Monday, December 30, 2013

How to interpret posterior probabilities?

What does it mean, for instance, to report a posterior probability (pp) of 0.87 for the monophyly of a given group of species (say Archaea)? Intuitively, a stronger support than 0.82 and a weaker support than 0.95. But what does this "0.87" mean in the absolute? 

How to interpret a 95% credible interval of, say, 90 to 110 Myr for the age of the last common ancestor of placental mammals ? 

The subjective Bayes answer is that subjective probabilities make sense only if associated with utilities. In the rather asbtract situation of phylogenetic inference, utilities are difficult to define. Strictly speaking, a pp of 0.87 for the monophyly of Archaea would mean, for instance, that you are ready to bet up to 87 euros, given that you will earn 100 euros if Archaea turn out to be monophyletic and 0 otherwise. But this interpretation sounds a bit silly.

Another possible way to grasp the meaning of subjective probabilities is to imagine other less abstract situations to get a feeling of what they mean in these new contexts and then transfer your perception of the implied weight of evidence back into the initial context. A pp of 0.87 should be interpreted as a similar strength of support in any situation, a pp of 0.87 for the monophyly of Archaea means the same strength of support as a pp of 0.87 in favor of the monophyly of a completely different group in a completely unrelated study (say, mammals), or even, as a pp of 0.87 in the favor of the presence of positive selection in a given gene, or as a pp of 0.87 that a given gene is associated with hypertension in a genome-wide association study.

So, then, let us suppose that you make a Bayesian statistical analysis to assess whether a given gene is associated with hypertension. This is a preliminary analysis, upon which you could decide to further investigate the case, using now experimental methods, but this requires you to invest time and money. If you estimate that your loss if you investigate the gene but then it turns out that the gene is not associated with hypertension is about 10 times greater than your loss if you don't investigate but then miss an important gene that turns out to be associated with hypertension, then, rationally, you should further investigate only if the posterior odds are 10:1 (or equivalently, pp = 0.91). A posterior probability of 0.99 would mean that you should basically consider a false positive at least 99 times more expensive than a false negative, etc.
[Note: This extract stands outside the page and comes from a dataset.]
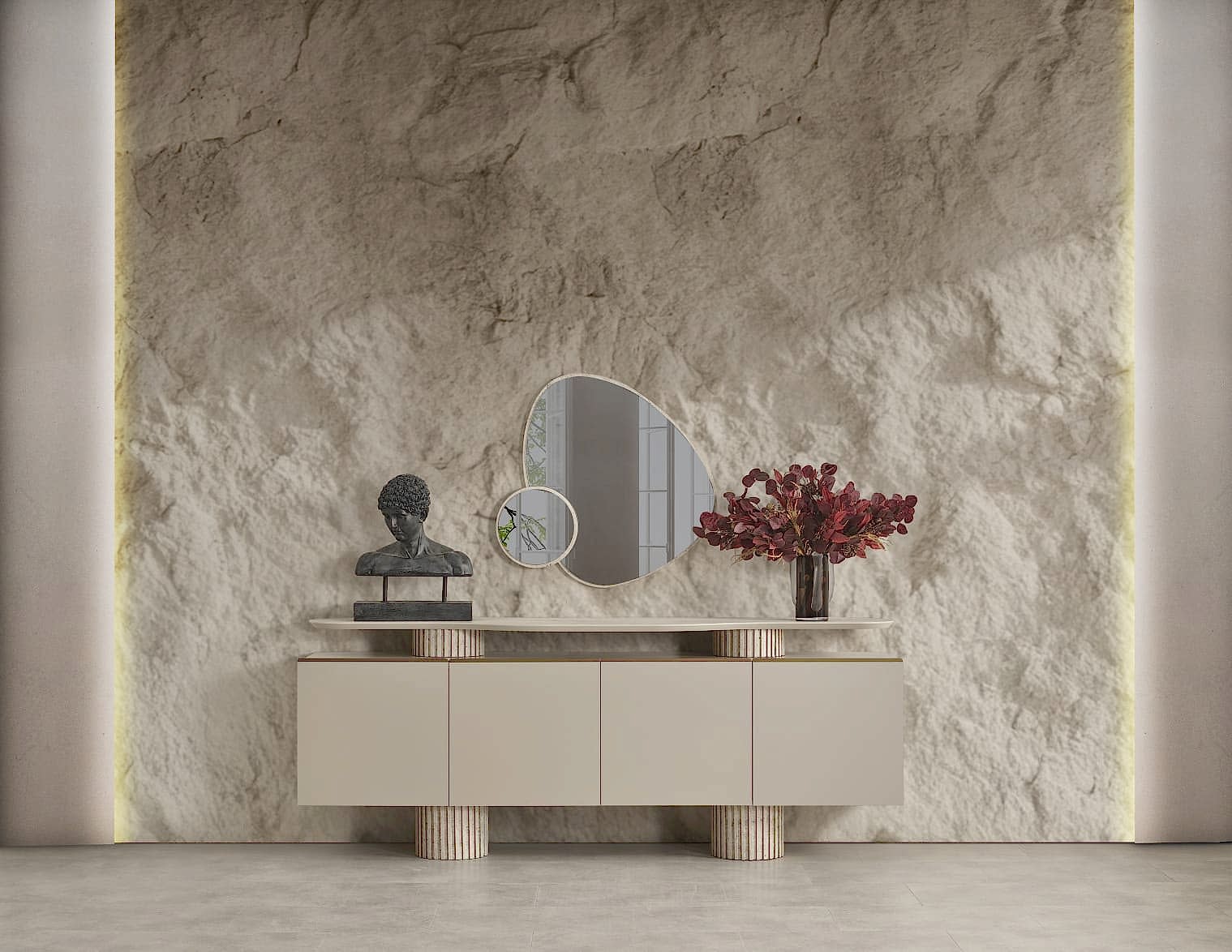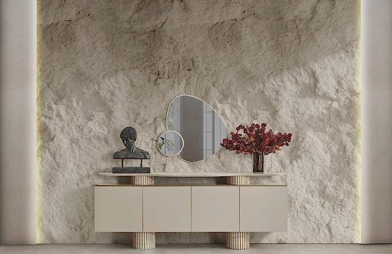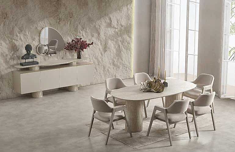 YEMEK ODASI TAKIMI: Konsol ,konsol aynası, yemek masası ve 4 adet baleria sandalyelidir.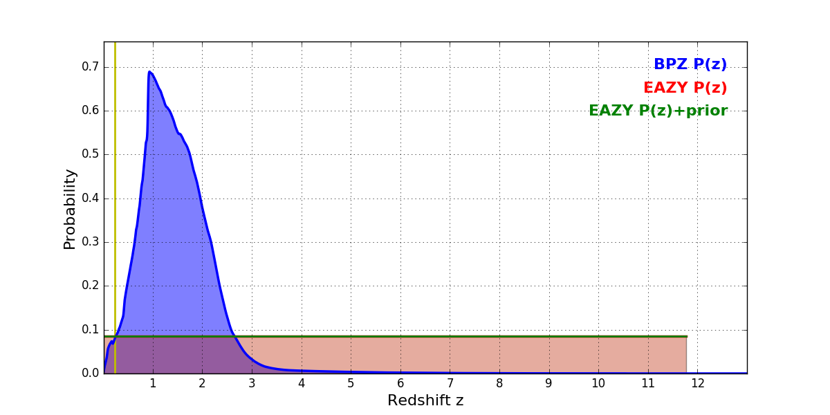 In P(z) plots: Yellow lines mark the cluster redshift z = 0.228,

By considering such hypothetical cases (and, I guess, ideally, by practising Bayesian decision making in real life), you progressively calibrate your mind to Bayesian probabilities (and utilities).

All this sounds a bit abstract and introspective, but after all, the semantics of p-values is also fairly hypothetical. I guess that, apart from their nominal frequentist calibration, the essential property of p-values is that they have the same meaning in all situations, and thus we can progressively calibrate our perception of the strength of evidence associated with p-values through our practical experience with using them.

Similarly, Bayesian probabilities are supposed to have a homogeneous meaning, and thus, as you are getting more experienced with the Bayesian paradigm, you will progressively get a good feeling of what strength of evidence a given pp is supposed to imply.

There is a ghost, however, looming over all this discussion: can we, at least under certain conditions, interpret posterior probabilities in frequentist terms ?


  1. Love your new blog, Nicolas!

    You say "we can progressively calibrate our perception of the strength of evidence associated with p-values". But I thought that measuring the strength of evidence is something that p-values cannot do. I also don't know how to compare p-values obtained from different data sets and under different modeling assumptions.

    1. thanks, Vladimir

      To be honest, I am not yet totally certain about how to interpret p-values. But I guess I was just saying that, since p-values are uniform under the null, it makes sense to say that a p-value of, say, p=1e-4, means as extreme an event under H0 in all circumstances.

      Then, of course, depending on the situations, it may take more or less strength of evidence against the null in order to reject it (in Bayesian terms, prior odds for H0 and H1 also matter).

      Or are you alluding to other problems with p-values ? like Valen Johnson's recent paper? or other more classical arguments ?

  2. I was referring to arguments effect size, sample size, etc. The idea being that in, say linear regression, small sample size and large effect can give you the same p-value and large sample size and small effect. In other words, the p-value does not tell us about the magnitude of the departure from the null. Hence, my hesitation that one can calibrate p-values from experience. Even though I have seen many p-values in my life, if you give me a new model and a new data set, with a p-value of 1e-4, I wouldn't know if I should be impressed.